# TASK BRIEF
Leaving the pictures aside, transcribe only and exactly the lines from the one with "Kreis-Dezernent Hans-Joerg Deichholz" through the end of the entries, both included.
------ GIVEN RECORDS
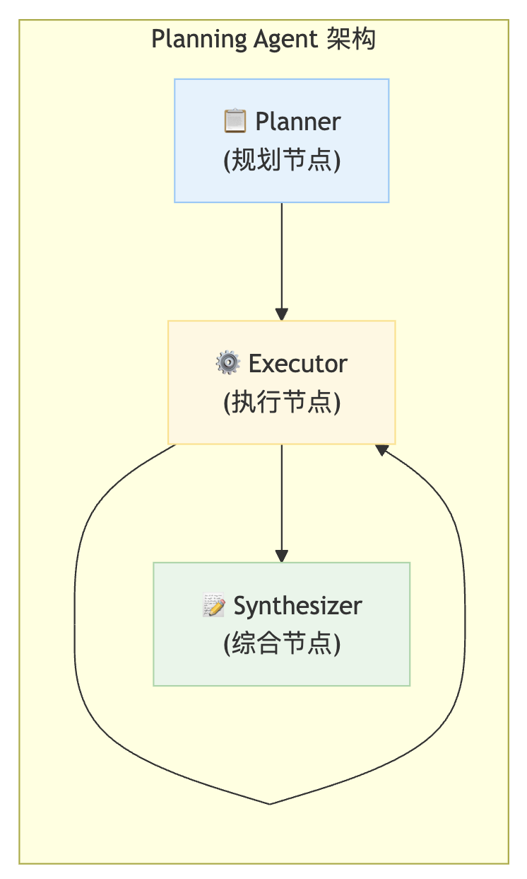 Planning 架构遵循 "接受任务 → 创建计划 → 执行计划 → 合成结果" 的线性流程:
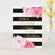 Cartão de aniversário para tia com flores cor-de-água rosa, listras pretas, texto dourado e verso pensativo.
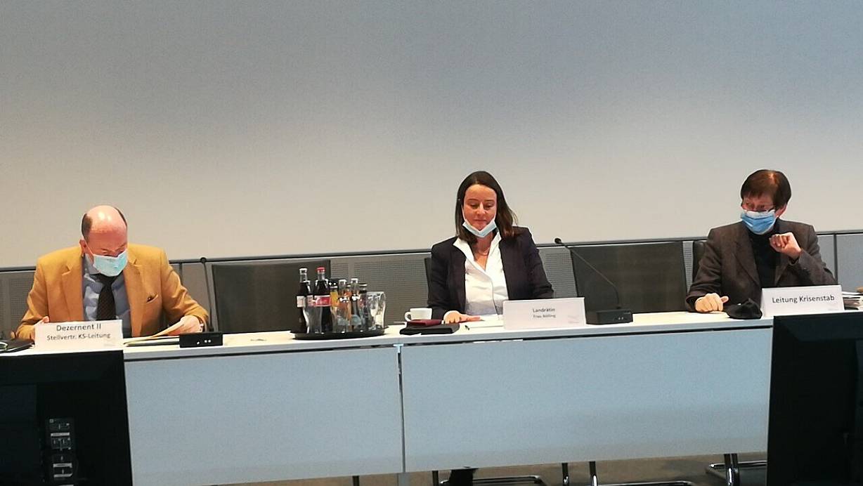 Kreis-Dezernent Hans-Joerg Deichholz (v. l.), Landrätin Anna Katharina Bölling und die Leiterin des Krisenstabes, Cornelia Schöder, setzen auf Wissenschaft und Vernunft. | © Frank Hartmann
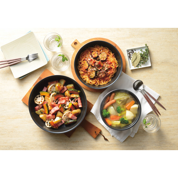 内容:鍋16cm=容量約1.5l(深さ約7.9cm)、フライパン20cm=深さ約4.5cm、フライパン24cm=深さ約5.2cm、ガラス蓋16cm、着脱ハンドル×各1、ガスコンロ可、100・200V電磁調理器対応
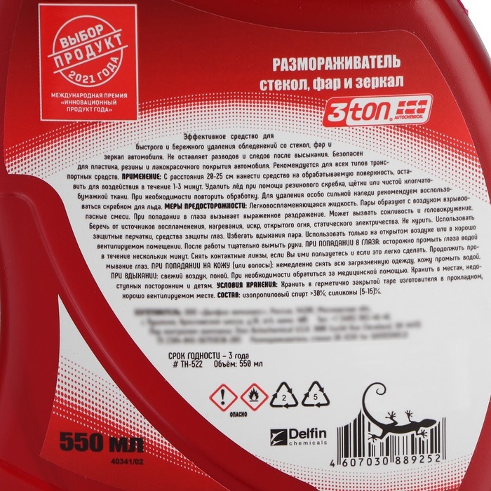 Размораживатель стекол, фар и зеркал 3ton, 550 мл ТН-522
------------
# THE COMPLETED TASK
 Kreis-Dezernent Hans-Joerg Deichholz (v. l.), Landrätin Anna Katharina Bölling und die Leiterin des Krisenstabes, Cornelia Schöder, setzen auf Wissenschaft und Vernunft. | © Frank Hartmann
 内容:鍋16cm=容量約1.5l(深さ約7.9cm)、フライパン20cm=深さ約4.5cm、フライパン24cm=深さ約5.2cm、ガラス蓋16cm、着脱ハンドル×各1、ガスコンロ可、100・200V電磁調理器対応
 Размораживатель стекол, фар и зеркал 3ton, 550 мл ТН-522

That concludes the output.